Читаем Суер-Выер и много чего ещё полностью

Выл за окном ветер. Лампочка над нашим крыльцом болталась и скрипела, и видно было через стекло, как мечутся электрические сполохи, как высвечивают подбитую снегом землю и изгородь с висящими на ней изжёванными ветром тряпками, как пытаются пробить черноту, досветить до близкого леса, и действительно неприятно было знать, что в черноте этой, в промозглости и сырости бродит где-то около дома сумасшедший. Манят его освещённые наши окна и тёплый ужин.

— С ножом на медведя — это он, конечно, врёт, — усмехнувшись, сказал Вадим, — и насчёт хариуса врёт, и никакого кораблика он тебе не принесёт. А завтра снова придёт чего-нибудь просить. Так что с сумасшедшими дружбу лучше не водить.

— Позволь, — сказал я. — А в чём заключается его сумасшествие?

— Да как же, — ответил Вадим. — Дело ясное.

Откуда появился здесь, на берегах Онежского озера, Женька — неизвестно. То ли приехал он из Медвежьегорска, то ли из Кондопоги. Кому-то он вроде рассказывал, что дочка его вышла замуж, а муж-то Женьку из дому прогнал. Вот он и приехал сюда строить себе избушку. Жить негде. История хоть и не совсем обычная, но житейская, и состава сумасшествия в ней пока не было.

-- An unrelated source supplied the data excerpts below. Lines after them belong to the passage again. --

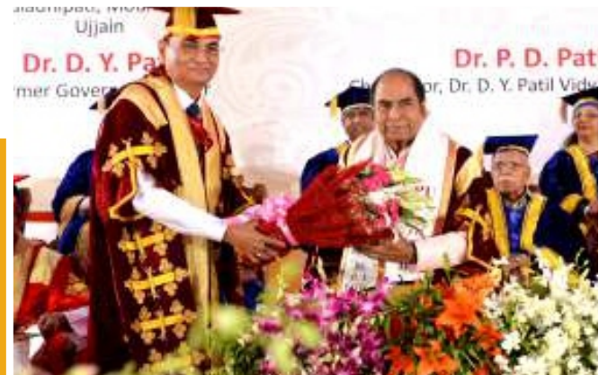
Felicitation of Dr. D. Y. Patil Former Governor of Bihar
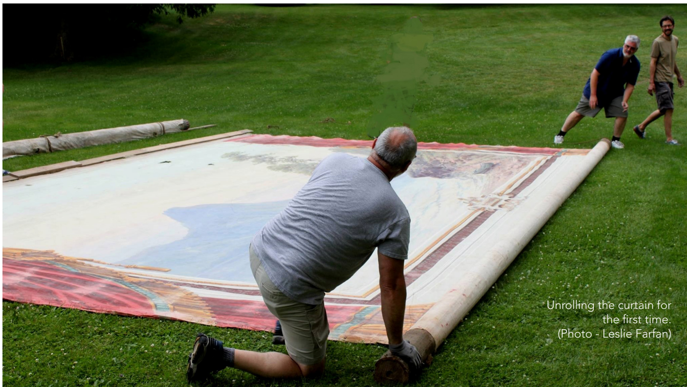
Unrolling the curtain for the first time.

After being measured and photographed by museum staff, the drape was carefully transported to the Colby-Curtis, where it is now stored in a proper climate-controlled environment, and where it begins a new chapter of its life. It is the hope of both the Haskell and the Stanstead Historical Society that a grant can be secured to have this magnificent piece professionally restored. Perhaps in the not-too-distant future, a suitable temporary venue can be found, where it can once again be enjoyed by all.
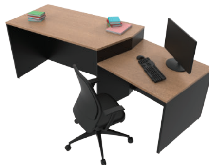
Accent Customer Service Desk Back View in Rock Maple and Charcoal

For book return chutes, refer to our Shelving and Display Systems catalogue.

Было одно — избушку он начал рубить, не получив никакого согласия и не спросив ни у кого разрешения. Это, конечно, некоторое помешательство, но не полное же сумасшествие. Места глухие. В тайге, на берегах озёр, не одна стоит охотничья избушка без особых на то разрешений и согласий.

Избушку свою Женька начал рубить неподалёку от берега озера, в лесу. Но это был ещё не настоящий, не матёрый лес. Это была узкая прибрежная полоса, что отделяла озеро от шоссе на Великую Губу. Признать такую избушку за охотничью было невозможно. По всем охотничьим идеям, по всем промысловым статьям рубить избушку в таком месте — полное сумасшествие. С одной стороны — шоссе, с другой — озеро, настоящей дичи нет. За глухарём или за куницей идти далеко.

Рубить избушку Женька начал в августе, а в конце сентября объявились к нему лесники. Стали составлять протокол. Женька упал на землю, скорчился и выпустил пену:

— Рублю домик… зять выгнал… с ножом на медведя…

Лесники отступились.

Приехала милиция в малом составе. Опять были слёзы, крики и пена. Милиция в малом составе отступилась — глухие всё-таки места.

— Не вижу состава сумасшествия, — сказал я. — Корчи и пена — ерунда. Прикинулся перед властями.

— Бог с ней, с пеной, — сказал Вадим. — Но скажи, какой охотник будет рубить избушку в таком месте? А ты видел, как она срублена? Там у него между брёвнами такие щели — кулак можно просунуть.

— Холод, ветер, — добавила Алёна. — А он в свитере драном.

— Не вижу в драном свитере состава сумасшествия, — сказал я.

На другой день отправились мы с Вадимом на Хрыли.

Веселят меня эти слова — «отправились на Хрыли». Что-то есть дурацкое в этих самых «Хрылях».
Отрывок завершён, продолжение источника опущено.